Statistical Analyses

Student’s t-test, Mann–Whitney U-test, Chi-square, and Fisher’s exact test were used to describe the difference of parameters between patients with fracture and without fracture when appropriate. Spearman correlation based on Fisher’s transformation was performed to analyze the correlation between BMD and TBS. Logistic regression analysis was used to calculate the odds ratio (OR) of BMD and TBS on fracture prevalence. We defined significance as a two-tailed p value < 0.05. To determine the optimal threshold for fracture discrimination, we utilized the receiver operating characteristic (ROC) curve and calculated the Youden index. These analyses allowed us to identify the cut-off point that provided the best balance between sensitivity and specificity for discriminating individuals with fractures from those without fractures. Data analysis was performed using R software version 4.1.2 (Foundation for Statistical Computing, Vienna, Austria).

Results

From 1372 women in the postmenopausal BMD database at our institution during the study period, we identified a total of 64 postmenopausal RA patients undergoing chronic glucocorticoid treatment at the time of BMD measurement. The mean age was 61.7 ± 9.3 years. Prevalent osteoporotic fractures were found in 14 patients (21.9%). Five of them (35.7%) had symptomatic osteoporotic fractures prior to BMD measurement; all were non-vertebral fractures (3 proximal femurs, one distal radius, and one proximal humerus). The other nine patients (64.3%) had asymptomatic morphometric vertebral fractures detected by VFA at the date of BMD measurement. Baseline characteristics, including age, BMI, alcohol consumption, smoking status, duration of RA, and glucocorticoid regimens, were similar between fracture and non-fracture groups. Patients with osteoporotic fractures had significantly lower lumbar spine BMD, femoral neck BMD, and total hip BMD than the non-fractures. TBS and TBS T-scores were also significantly lower in patients with fractures than those without fractures (Table 1).

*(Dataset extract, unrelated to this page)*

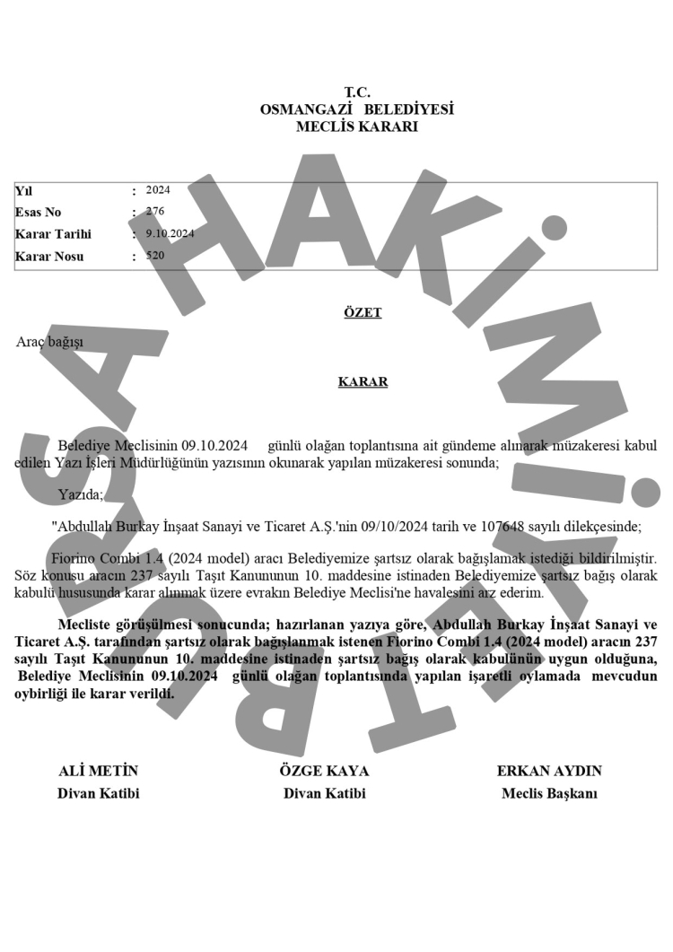 Bursa'da dev projelerde imzası bulunan Abdullah Burkay İnşaat Sanayi ve Ticaret Anonim Şirketi, Osmangazi Belediyesi'ne araç bağışında bulunmak için dilekçe verdi.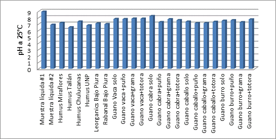En el caso de las mezclas experimentadas, se muestra que casi todas tienen un nivel de pH ligeramente alcalino entre 7.10 y 7.80, lo cual es muy importante para su uso. Aquí el estiércol de caprino con puño, al igual que el de caballo con puño y caballo con grama ofrecen la mejor opción por poseer un pH cercano a la neutralidad, ideal para la actividad microbiana (Guzmán 2009), mientras que el caprino puro es muy alcalino.

Table 1 Baseline Characteristics, BMD, and TBS of Postmenopausal Rheumatoid Arthritis Patients Receiving Glucocorticoids with and without Osteoporotic Fracture

The Spearman correlation analysis found that TBS had a positive correlation with the lumbar spine, femoral neck, and total hip BMD, with r = 0.527 (95% confidence interval [CI] 0.321–0.685, p value < 0.001), 0.539 (95% CI 0.338–0.693, p value < 0.001), and 0.536 (95% CI 0.331–0.687, p value < 0.001), respectively. Logistic regression analysis revealed that lower BMD in all three sites and lower TBS significantly increased osteoporotic fracture risk, which remained significant after adjusting for age and BMI (Table 2). The area under the ROC curve (AUROC) in discriminating osteoporotic fractures after adjusting for age and BMI were 0.78, 0.74, 0.82, and 0.81 for TBS, lumbar spine BMD, femoral neck BMD, and total hip BMD, respectively. There was no statistically significant difference after adjustment between AUROC TBS vs AUROC lumbar spine BMD (p value = 0.56), AUROC TBS vs AUROC femoral neck BMD (p value = 0.59), or AUROC TBS vs AUROC total hip BMD (p value = 0.63). (Figure 1) The optimal threshold of TBS for osteoporotic fracture discrimination was identified by the Youden index. The TBS threshold <1.24 showed the discriminative ability to reach the best sensitivity (79%) and specificity (84%) in identifying prevalent osteoporotic fractures.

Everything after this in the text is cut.